- _Exercise data_:
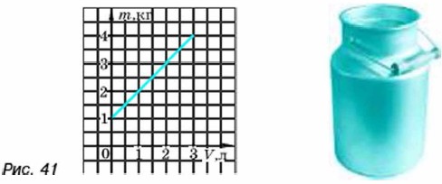 330. (Для работы в парах.) На рисунке 41 изображён график зависимости массы бидона с жидкостью от объёма жидкости. Найдите по графику: а) массу пустого бидона; б) массу бидона с одним литром жидкости; в) массу одного литра жидкости; г) объём жидкости в бидоне, если общая масса бидона с жидкостью равна 3 кг.
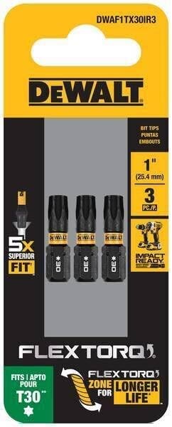 DEWALT FLEXTORQ TORX T30 INSERT BIT - 1", 3PKImpact-rated insert bit engineered with DeWalt FlexTorq technology for superior durability in impact drivers. The engineered flex zone absorbs impact energy for up to 200 times longer bit life, while the CNC-machined Torx T30 tip provides a precise fit and reduces cam-out.
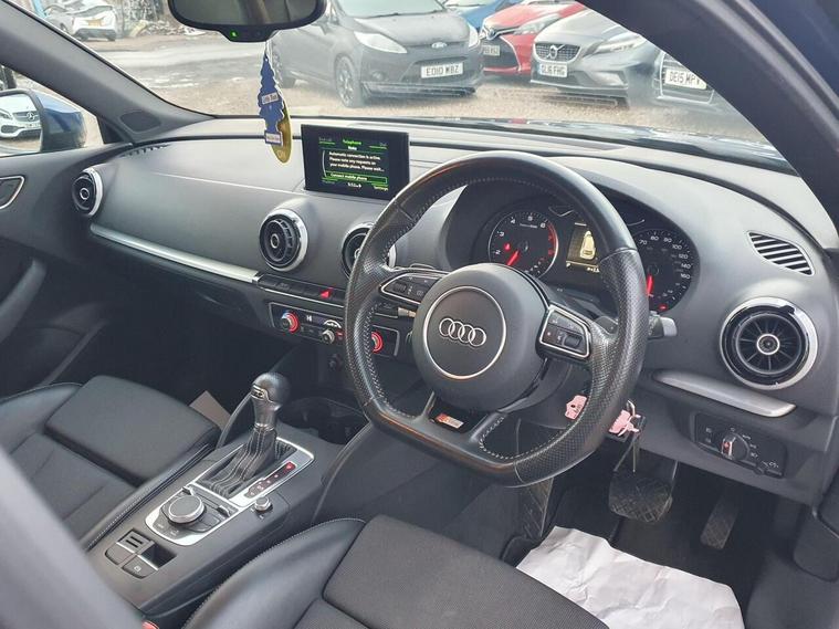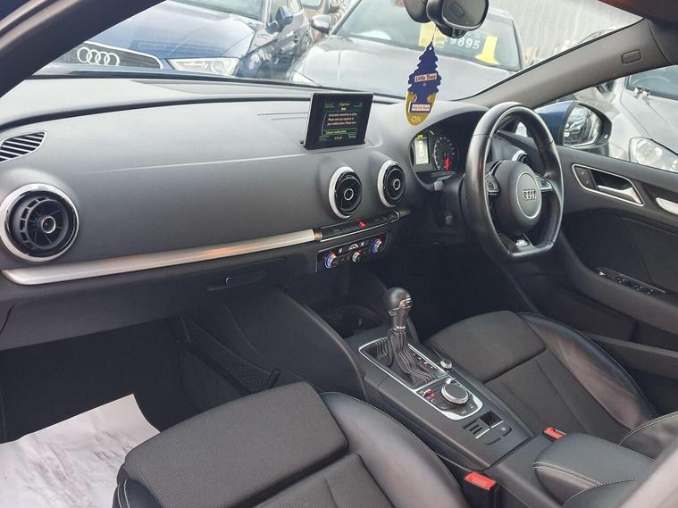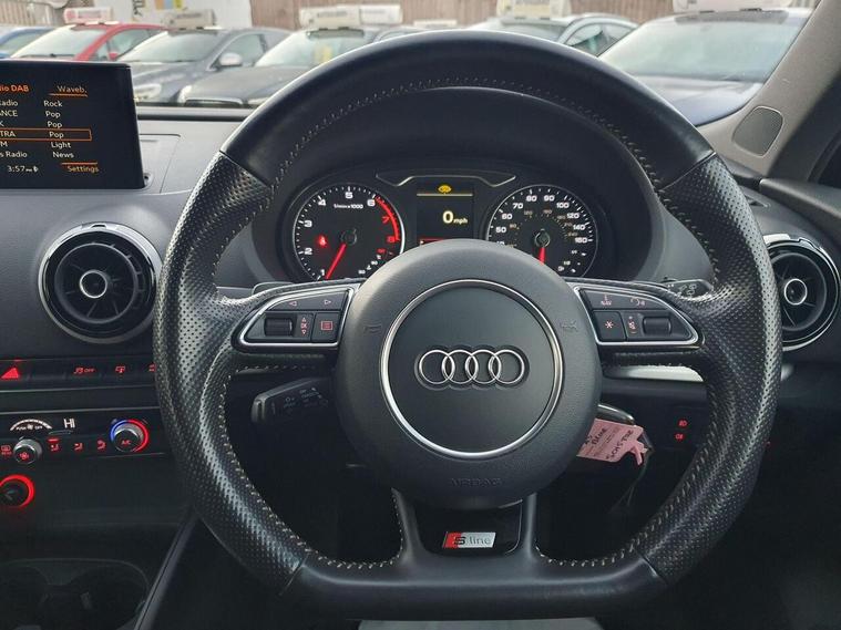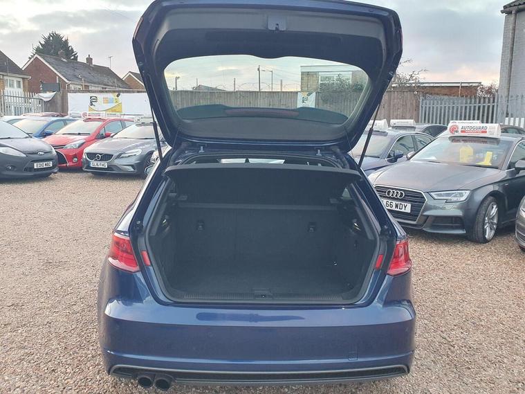 12V Power Socket - Centre Console, 12V Power Socket - Rear, 18in Alloy Wheels - 5-Parallel Spoke Design Partly Polished, 2 x SDXC Card Readers, ABS - Anti-Lock Braking System, AMI - Audi Music Interface, ASR - Anti Slip Regulation, Adaptive Brake Lights, Airbags - Driver, Airbags - Drivers Knee, Airbags - Front Passenger, Airbags - Front Side, Airbags - Head Level Side For Front and Rear, Alarm - Thatcham Category 1, Aluminium Interior Elements, Anti Theft Locking Wheel Bolts, Audi Drive Select, Audio Output - 80 Watts, Car Jack, Child Locks - Manual, Cloth Headlining in Black, Coat Hooks - B Pillar - Both Sides, Colour Drivers Information System - DIS, DAB Digital Radio, Display Screen Colour - 5.8in, Door Mirrors - Body Coloured with Integrated LED Indicators, Door Mirrors - Electrically Adjustable and Heated, Door Sill Trims with S Line Logo, Dual-Zone Electronic Climate Control, EBD - Electronic Brakeforce Distribution, EDL - Electronic Differential Lock, ESP - Electronic Stability Programme, Electric Windows - Front and Rear, Electromechanical Parking Brake, Electromechanical Power Steering, Exhaust Tailpipe - Twin, First Aid Kit, Fog Lights - High Gloss Black Surrounds, Front Centre Armrest, Front Fog Lights, Front Passenger Airbag Deactivation Switch, Front Sports Seats, Front and Rear Floor Mats, Gear Knob - Perforated Leather, Glovebox - Illuminated, Headlights - Automatic Dynamic Range Control, Headlights - Bi-Xenon Plus, Headlights Washers, Heated Rear Windscreen, Heated Windscreen Washer Jets, Height Adjustable Boot Floor, Hydraulic Brake Assist, ISOFIX Child Seat Mounting for Front Passenger and Rear Outer Seats, Illuminated Vanity Mirrors, Immobiliser, Inlays - Matt Brushed Aluminium, Interior Elements - Air Vents - Aluminium, Interior Elements - Frame Around the Inside Door Handle - Aluminium, Interior Elements - Glove Compartment - Aluminium, Interior Elements - Window Control Switches - Aluminium, Interior Lighting, LED Daytime Running Lights, LED Rear Indicators, LED Rear Lights, Luggage Compartment - Illuminated, Luggage Compartment - Lashing Points x4, Luggage Compartment - Side Net, MMI Radio, Mobile Telephone Preparation - Bluetooth Interface, Model and Engine Technology Badges at Rear, Pollen Filter, Preparation for SD Card-Based Navigation System, Radiator Grille - High Gloss Black, Rear Parcel Shelf Removable, Remote Central Locking with 2 Fold Away Keys, Rest Recommendation System, S Line Badges on Front Wings, S Line body styling, S line Design Front Bumper-Rear Diffuser-Side Sills and Roof Spoiler, Seat Belt Reminder for All Seats, Seats - Adjustment for Cushion Depth, Seats - Extendable Thigh Support, Seats - Front Height Adjustment, Seats - Split Folding Rear - 60-40, Secondary Collision Brake Assist, Smoking Package, Space Saver Spare Wheel, Speakers x8, Sport Suspension, Steering Wheel - 3-Spoke Leather-Flat Bottomed-Shift Paddles, Steering Wheel - Gear Shift Paddles, Steering Wheel - Height and Reach Adjustable, Steering Wheel - Multi-function, Storage Compartment - Centre Console, Storage Compartment Under Rear Seat, Storage Compartments - Door Side Trims, Storage Net in Front Passenger Footwell and Front Seat Backrests, Storage and Luggage Package, Sun Visors - with Covered Vanity Mirrors, Tool Kit, Tyre pressure monitoring System, USB Connection, Voice Control, Warning Triangle, Washer Fluid Level Indicator, Window Surrounds - Aluminium

- _What needs to be done_: Each line of the listing above must be given again exactly; the pictures are to be left out.

- _Response area_:
 330. (Для работы в парах.) На рисунке 41 изображён график зависимости массы бидона с жидкостью от объёма жидкости. Найдите по графику: а) массу пустого бидона; б) массу бидона с одним литром жидкости; в) массу одного литра жидкости; г) объём жидкости в бидоне, если общая масса бидона с жидкостью равна 3 кг.
 DEWALT FLEXTORQ TORX T30 INSERT BIT - 1", 3PKImpact-rated insert bit engineered with DeWalt FlexTorq technology for superior durability in impact drivers. The engineered flex zone absorbs impact energy for up to 200 times longer bit life, while the CNC-machined Torx T30 tip provides a precise fit and reduces cam-out.
 12V Power Socket - Centre Console, 12V Power Socket - Rear, 18in Alloy Wheels - 5-Parallel Spoke Design Partly Polished, 2 x SDXC Card Readers, ABS - Anti-Lock Braking System, AMI - Audi Music Interface, ASR - Anti Slip Regulation, Adaptive Brake Lights, Airbags - Driver, Airbags - Drivers Knee, Airbags - Front Passenger, Airbags - Front Side, Airbags - Head Level Side For Front and Rear, Alarm - Thatcham Category 1, Aluminium Interior Elements, Anti Theft Locking Wheel Bolts, Audi Drive Select, Audio Output - 80 Watts, Car Jack, Child Locks - Manual, Cloth Headlining in Black, Coat Hooks - B Pillar - Both Sides, Colour Drivers Information System - DIS, DAB Digital Radio, Display Screen Colour - 5.8in, Door Mirrors - Body Coloured with Integrated LED Indicators, Door Mirrors - Electrically Adjustable and Heated, Door Sill Trims with S Line Logo, Dual-Zone Electronic Climate Control, EBD - Electronic Brakeforce Distribution, EDL - Electronic Differential Lock, ESP - Electronic Stability Programme, Electric Windows - Front and Rear, Electromechanical Parking Brake, Electromechanical Power Steering, Exhaust Tailpipe - Twin, First Aid Kit, Fog Lights - High Gloss Black Surrounds, Front Centre Armrest, Front Fog Lights, Front Passenger Airbag Deactivation Switch, Front Sports Seats, Front and Rear Floor Mats, Gear Knob - Perforated Leather, Glovebox - Illuminated, Headlights - Automatic Dynamic Range Control, Headlights - Bi-Xenon Plus, Headlights Washers, Heated Rear Windscreen, Heated Windscreen Washer Jets, Height Adjustable Boot Floor, Hydraulic Brake Assist, ISOFIX Child Seat Mounting for Front Passenger and Rear Outer Seats, Illuminated Vanity Mirrors, Immobiliser, Inlays - Matt Brushed Aluminium, Interior Elements - Air Vents - Aluminium, Interior Elements - Frame Around the Inside Door Handle - Aluminium, Interior Elements - Glove Compartment - Aluminium, Interior Elements - Window Control Switches - Aluminium, Interior Lighting, LED Daytime Running Lights, LED Rear Indicators, LED Rear Lights, Luggage Compartment - Illuminated, Luggage Compartment - Lashing Points x4, Luggage Compartment - Side Net, MMI Radio, Mobile Telephone Preparation - Bluetooth Interface, Model and Engine Technology Badges at Rear, Pollen Filter, Preparation for SD Card-Based Navigation System, Radiator Grille - High Gloss Black, Rear Parcel Shelf Removable, Remote Central Locking with 2 Fold Away Keys, Rest Recommendation System, S Line Badges on Front Wings, S Line body styling, S line Design Front Bumper-Rear Diffuser-Side Sills and Roof Spoiler, Seat Belt Reminder for All Seats, Seats - Adjustment for Cushion Depth, Seats - Extendable Thigh Support, Seats - Front Height Adjustment, Seats - Split Folding Rear - 60-40, Secondary Collision Brake Assist, Smoking Package, Space Saver Spare Wheel, Speakers x8, Sport Suspension, Steering Wheel - 3-Spoke Leather-Flat Bottomed-Shift Paddles, Steering Wheel - Gear Shift Paddles, Steering Wheel - Height and Reach Adjustable, Steering Wheel - Multi-function, Storage Compartment - Centre Console, Storage Compartment Under Rear Seat, Storage Compartments - Door Side Trims, Storage Net in Front Passenger Footwell and Front Seat Backrests, Storage and Luggage Package, Sun Visors - with Covered Vanity Mirrors, Tool Kit, Tyre pressure monitoring System, USB Connection, Voice Control, Warning Triangle, Washer Fluid Level Indicator, Window Surrounds - Aluminium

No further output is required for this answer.